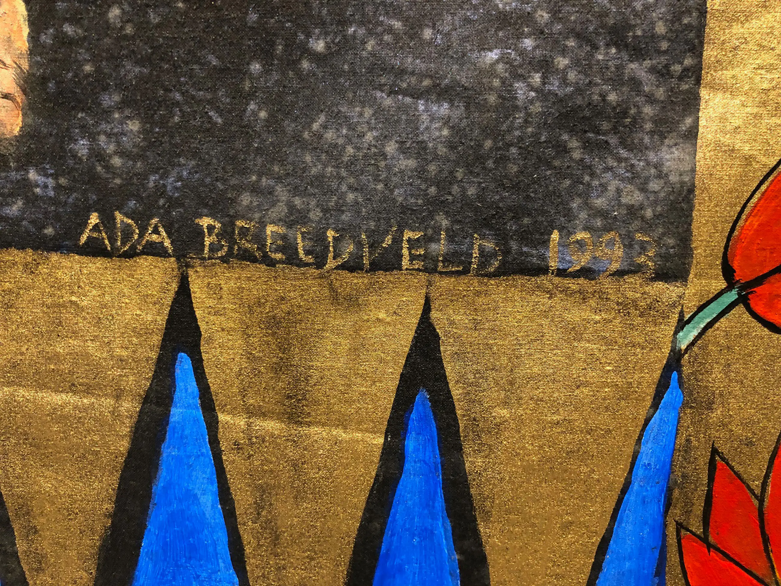 Een motief geschilderd door Ada Breedvelt in 1993 op zwarte katoenen stof. Handgesigneerd
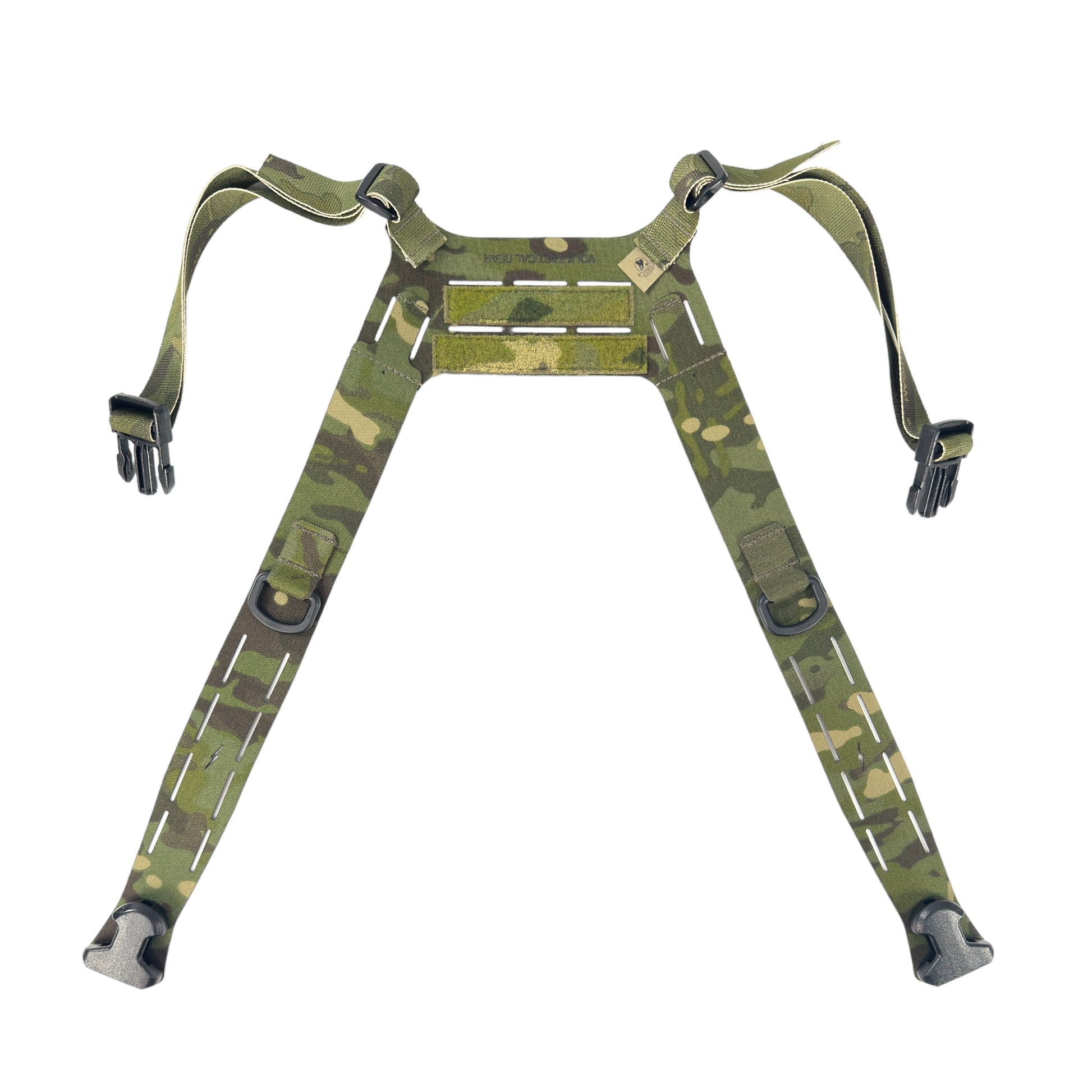 Equipped with laser-cut molle slits that are possible because of Squadron (= molle system that does not sew webbing tape) This mechanism makes it much lighter than conventional harnesses.
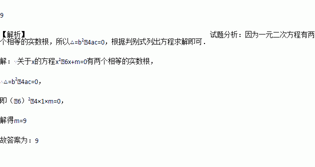 如果关于x的方程x2﹣6x+m=0有两个相等的实数根,那么m= .
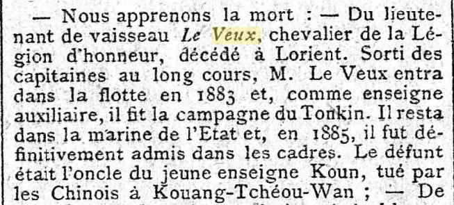 Lieutenant de vaisseau le 18 novembre 1890.
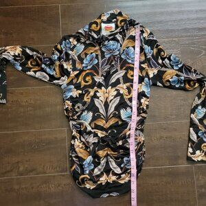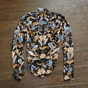 Farm Rio Black Flowerful Garden Jersey Blouse Womens S Mesh Floral Boho Chic
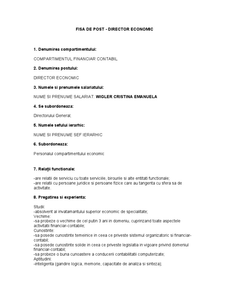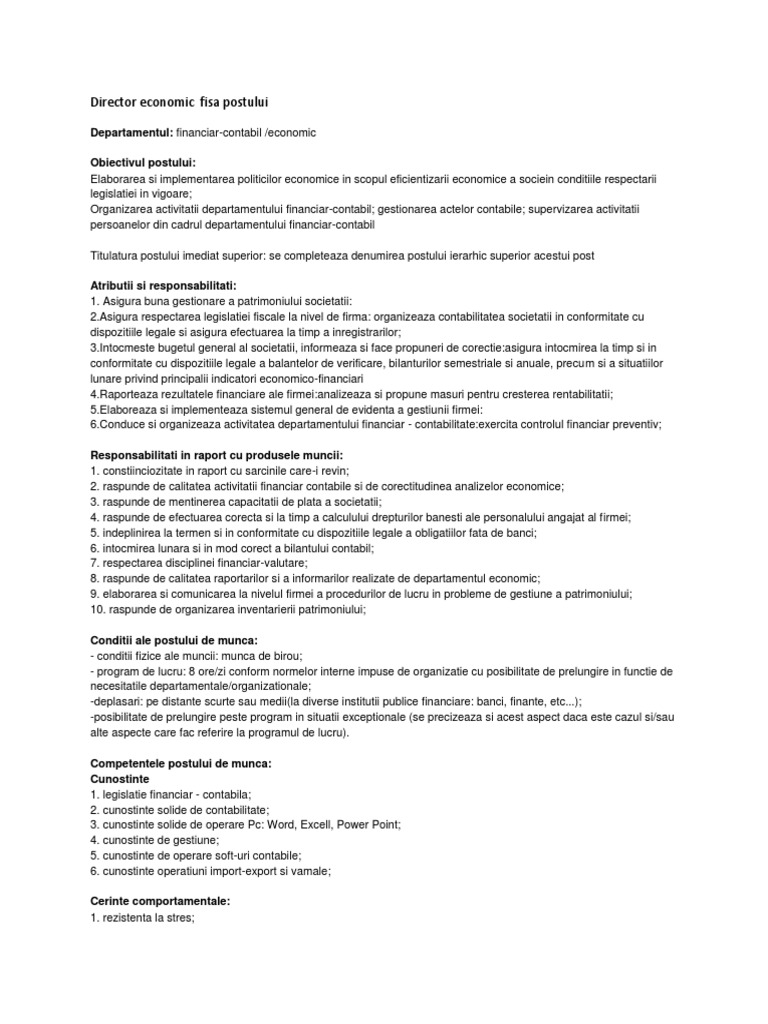 Fisa de post pentru director economic de mihaela croitoru 20 iul. Fisa de post director magazin. Va oferim un model orientativ pentru elaborarea fisei postului pentru postul de director economic cod c o r. Denumirea postului diferă de cea din cor va trebui să menţionaţi în fişă şi denumirea din cor 3.
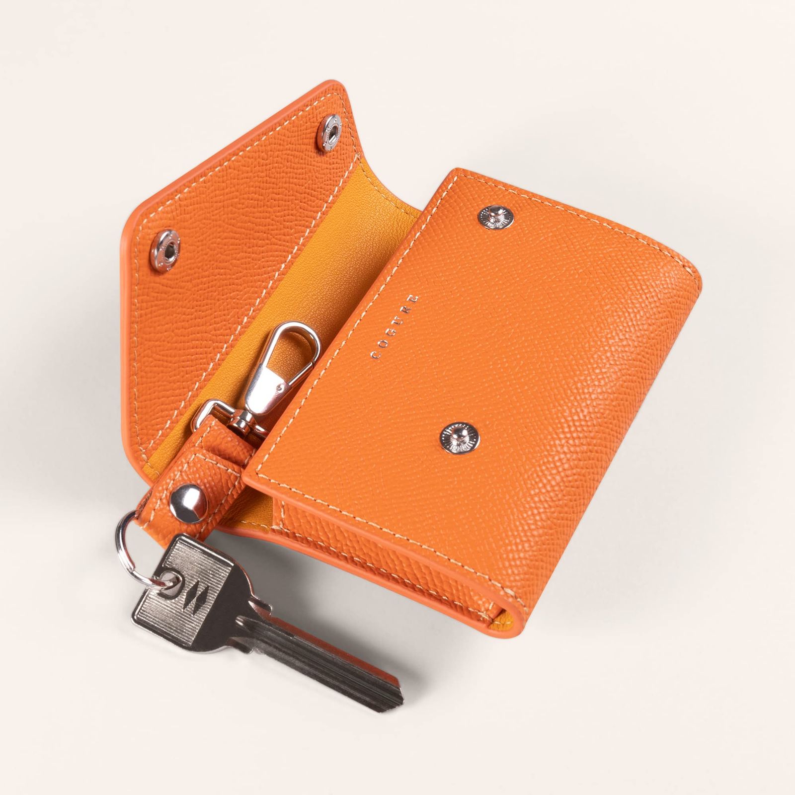 ツルツル・つやつやとした美しいエッジを実現するために、「ヘリ落とし」、「やすり掛け」、「コバ塗り」などの職人技を何度も繰り返し、丁寧に仕上げられています。継ぎ目のない一枚革を三つ折りにし、鍵をしっかりと包み、手に馴染みやすい美しいデザインに仕上げました。外側にはヨーロピアンエンボスレザー、内側にはスムースレザーを採用し、表も裏も本革という贅沢な仕様になっており、二種類のレザーの質感をお楽しみいただけます。
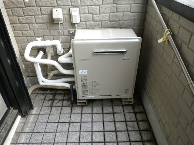 リンナイ 24号 エコジョーズ ガス風呂給湯器 屋外据置設置形 ( RUF-E2405AG )へ取替工事の写真です。
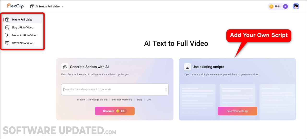 Flexclip now also has an AI text to FULL video generator. You can either generate a script with their AI, or add your own script. The AI will use stock video and images to create your video.
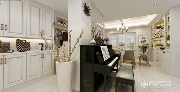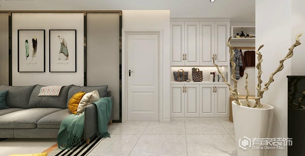 我们家其实没有传统意义上的玄关,在定方案的时候,有几家装修公司也给我们做出了设置一个玄关的建议,但是都被我否决,在我看来一个宽敞的入户其实更适合小朋友活动。入门户左边靠墙上下各打了一排柜子,加上中间近似斗柜的留空,收纳能力满满!
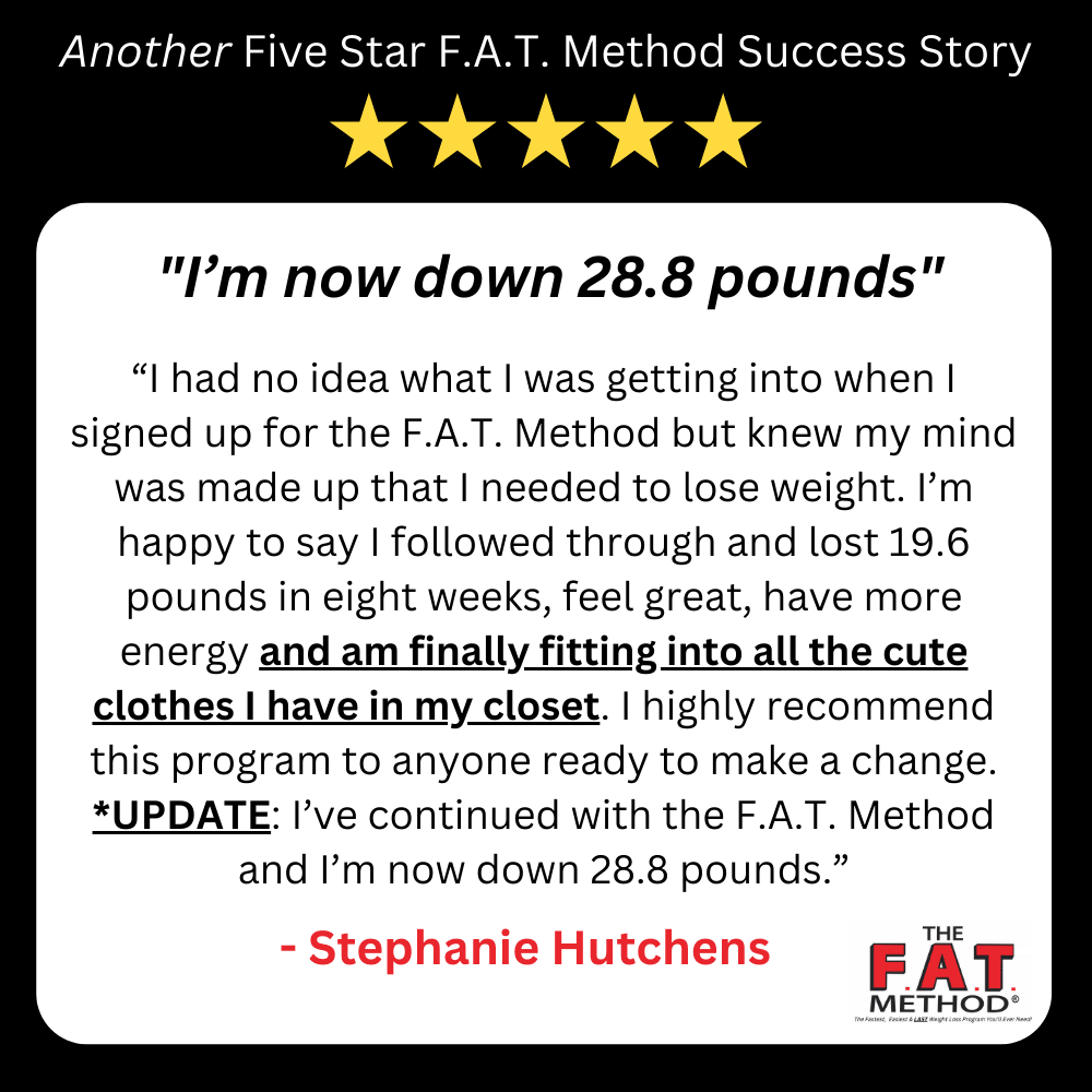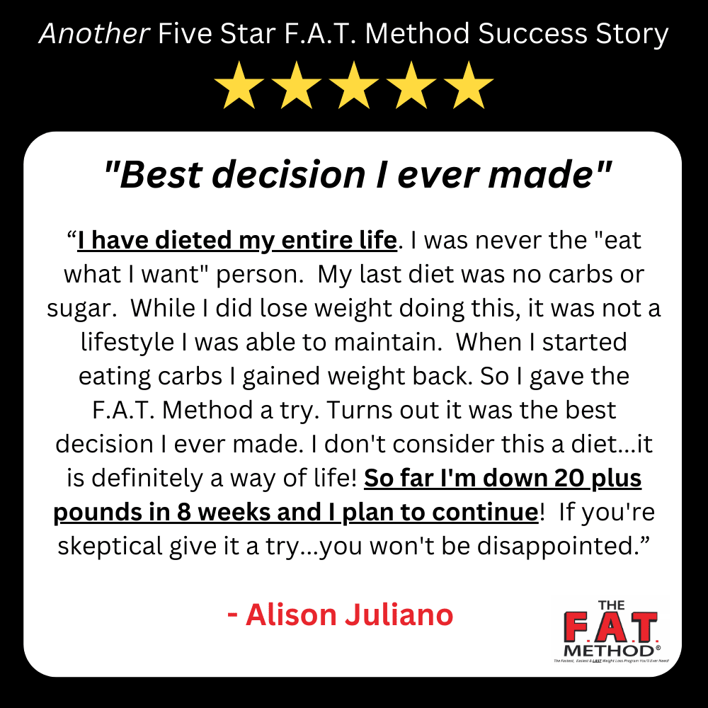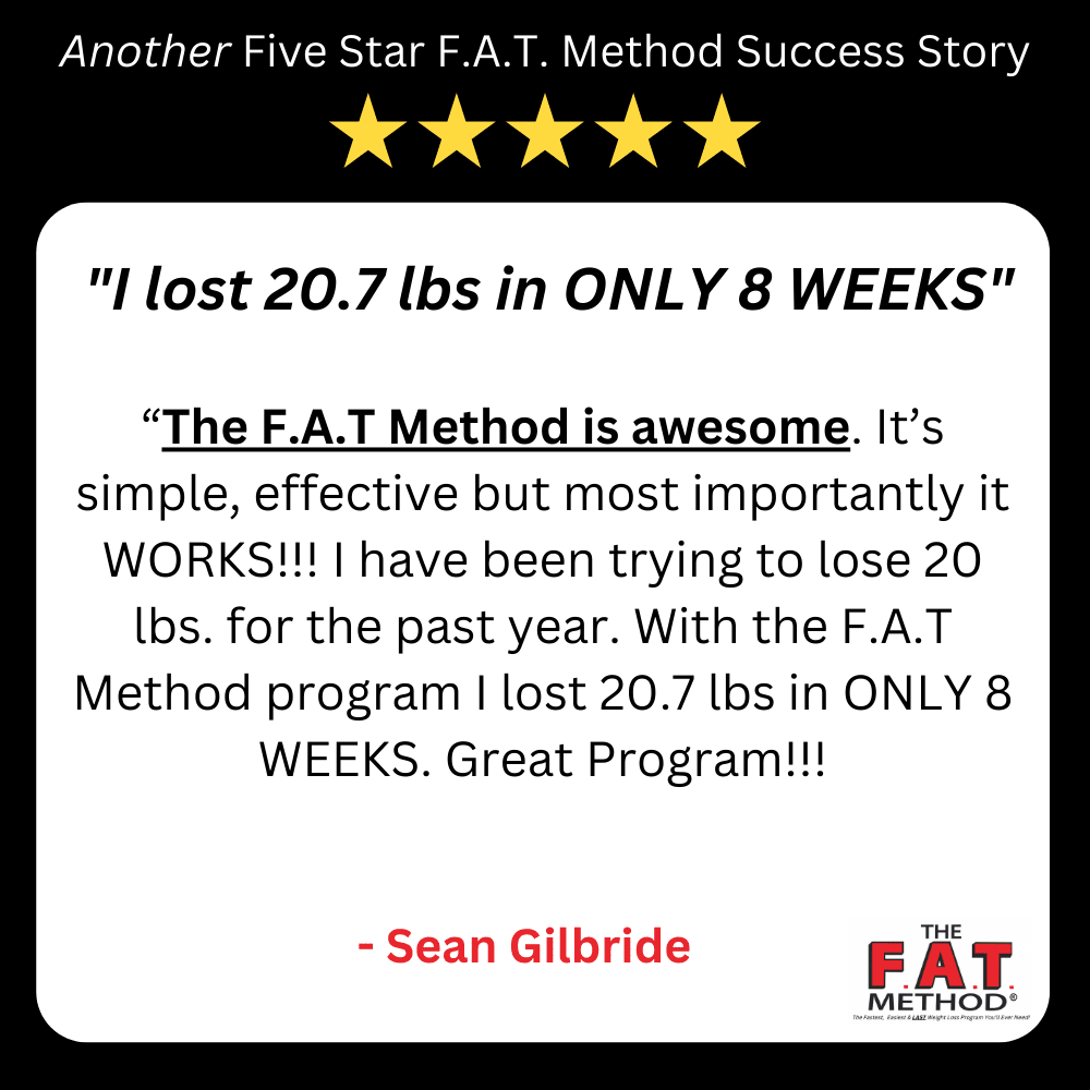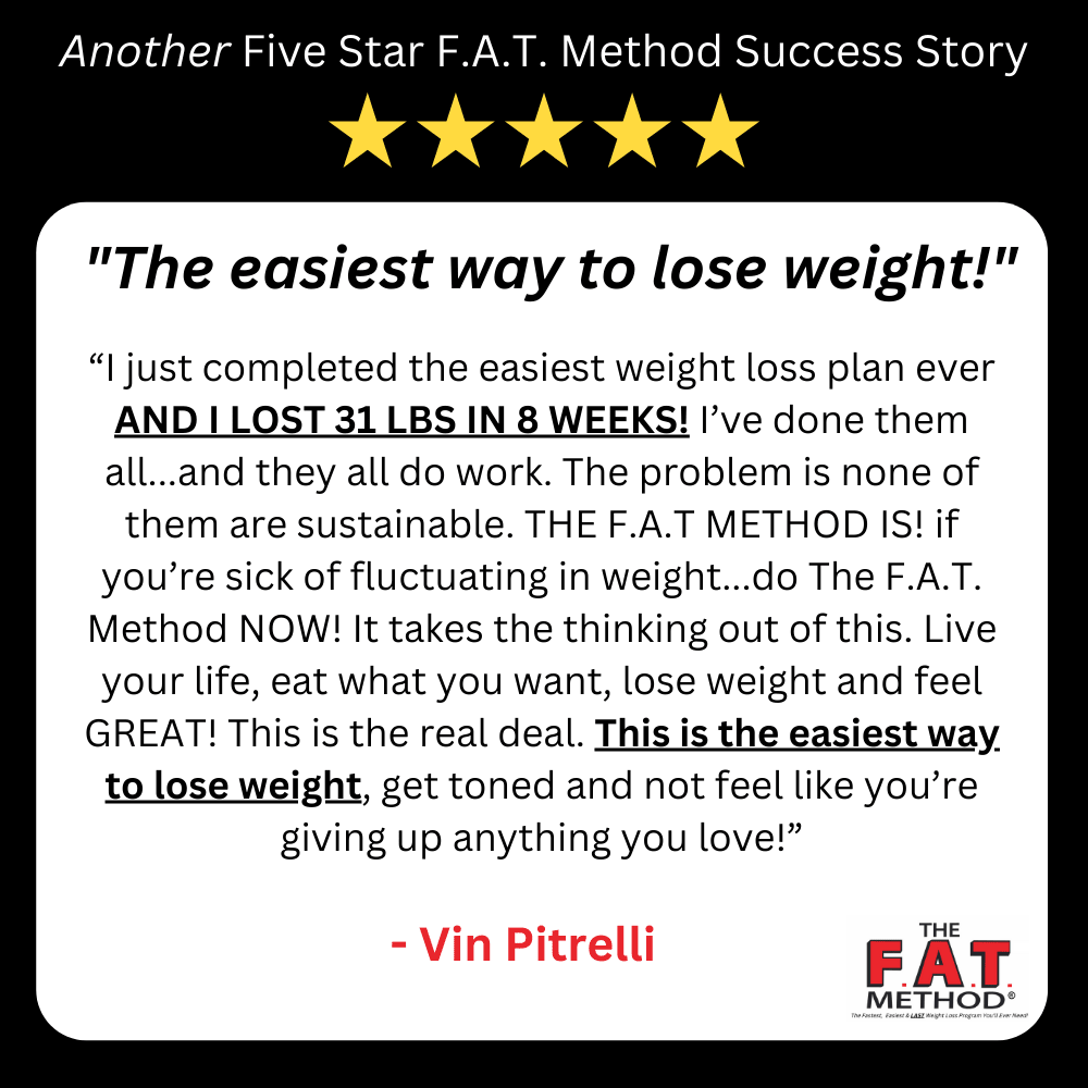 And no more Yo-Yo’ing! The F.A.T. Method is truly SUSTAINABLE. Something you can do for life. Because it’s simple and healthy. And it makes you look and feel great.

PROMPT ::
For the entries above, print exactly the lines between the one with "Lieutenant de vaisseau le 18 novembre 1890." and the one with "Fisa de post pentru", inclusive, with no pictures.

YOUR SOLUTION ::
 Lieutenant de vaisseau le 18 novembre 1890.
 Farm Rio Black Flowerful Garden Jersey Blouse Womens S Mesh Floral Boho Chic
 Fisa de post pentru director economic de mihaela croitoru 20 iul. Fisa de post director magazin. Va oferim un model orientativ pentru elaborarea fisei postului pentru postul de director economic cod c o r. Denumirea postului diferă de cea din cor va trebui să menţionaţi în fişă şi denumirea din cor 3.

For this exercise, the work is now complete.